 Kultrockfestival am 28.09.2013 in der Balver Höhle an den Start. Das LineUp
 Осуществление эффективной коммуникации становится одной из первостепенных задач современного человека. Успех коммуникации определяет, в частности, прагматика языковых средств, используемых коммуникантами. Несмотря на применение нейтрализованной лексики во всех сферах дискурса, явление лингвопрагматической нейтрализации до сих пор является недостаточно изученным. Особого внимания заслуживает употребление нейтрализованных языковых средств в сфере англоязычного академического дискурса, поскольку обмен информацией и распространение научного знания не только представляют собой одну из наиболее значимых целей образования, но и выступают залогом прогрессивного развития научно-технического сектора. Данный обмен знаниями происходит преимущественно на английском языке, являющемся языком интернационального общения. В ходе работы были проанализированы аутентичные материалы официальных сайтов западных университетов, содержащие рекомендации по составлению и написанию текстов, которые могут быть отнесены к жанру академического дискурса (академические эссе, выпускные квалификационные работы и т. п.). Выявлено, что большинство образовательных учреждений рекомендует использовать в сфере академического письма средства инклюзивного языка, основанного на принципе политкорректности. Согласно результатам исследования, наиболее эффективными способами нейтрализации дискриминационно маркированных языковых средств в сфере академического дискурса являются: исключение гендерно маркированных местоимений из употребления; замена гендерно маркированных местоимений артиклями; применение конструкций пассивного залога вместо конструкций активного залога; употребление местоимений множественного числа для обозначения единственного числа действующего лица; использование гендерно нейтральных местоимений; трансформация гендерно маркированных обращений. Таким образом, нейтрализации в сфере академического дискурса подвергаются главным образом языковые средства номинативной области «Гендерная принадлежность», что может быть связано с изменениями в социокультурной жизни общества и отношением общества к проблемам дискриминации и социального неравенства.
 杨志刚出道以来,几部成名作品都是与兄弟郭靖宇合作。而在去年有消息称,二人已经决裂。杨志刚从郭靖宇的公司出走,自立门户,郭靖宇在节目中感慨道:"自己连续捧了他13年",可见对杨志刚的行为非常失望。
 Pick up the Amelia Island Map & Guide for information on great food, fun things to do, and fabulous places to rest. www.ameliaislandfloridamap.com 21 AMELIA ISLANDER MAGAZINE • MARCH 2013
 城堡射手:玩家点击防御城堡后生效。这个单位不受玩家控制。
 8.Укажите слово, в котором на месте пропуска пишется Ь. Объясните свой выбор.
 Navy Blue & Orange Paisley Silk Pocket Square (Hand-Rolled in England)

◆ ◆ ◆ ◆

- [Problem to work on] Quote only the lines from the one containing "8.Укажите слово, в" through the final line of the records, with both ends included.

- [Exercise solution]
 8.Укажите слово, в котором на месте пропуска пишется Ь. Объясните свой выбор.
 Navy Blue & Orange Paisley Silk Pocket Square (Hand-Rolled in England)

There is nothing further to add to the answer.